Lacey put her elbows on her desk and her chin in her hands. “At least it wasn’t my car; the D.C. cops found it dumped behind Source Theatre. A dramatic choice. So, does this exclude Spaulding from suspicion in the murder of Amanda Manville?”
Trujillo stood up and scanned Felicity’s cubicle, looking for sweets. “Unless he had a disgruntled accomplice. Or someone else wrongly believed he was the shooter and decided to apply justice without due process.”
Lacey flipped open her notebook. “I interviewed him over coffee yesterday.”

Bruja!
Why didn’t you say so?” Trujillo shook her shoulders.
“I just did. After Amanda insisted she was a target and he was the one who wanted her dead, I thought I’d see what Spaulding had to say.”

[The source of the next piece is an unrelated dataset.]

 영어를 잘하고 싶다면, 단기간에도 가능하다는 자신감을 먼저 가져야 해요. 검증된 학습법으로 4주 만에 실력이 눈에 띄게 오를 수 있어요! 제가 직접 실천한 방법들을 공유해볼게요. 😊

“And what did he have to say?” Mac rumbled, appearing out of nowhere on little cat feet.
How much did he hear?
she wondered.
“That he had nothing to do with any threats to Amanda. Though he did take credit for turning her into the beautiful monster she was. With apologies.” She faced Mac. “If he was involved with her death, he didn’t do it himself.”
“He was alibied for the shooting. The cops let him go,” Trujillo said.
“Write it, Smithsonian,” Mac commanded. “Everything you know, but split your angles with Tony; he’ll do the police stuff. By the way, this will be your ‘Crimes of Fashion’ column for tomorrow. Front page.”
“But I already wrote my column for tomorrow.”
“And I’m your editor. It’ll keep. You’ll be one column ahead. You’re apparently the only one who interviewed both victims, and this is too hot not to jump all over it while it’s still sizzling.”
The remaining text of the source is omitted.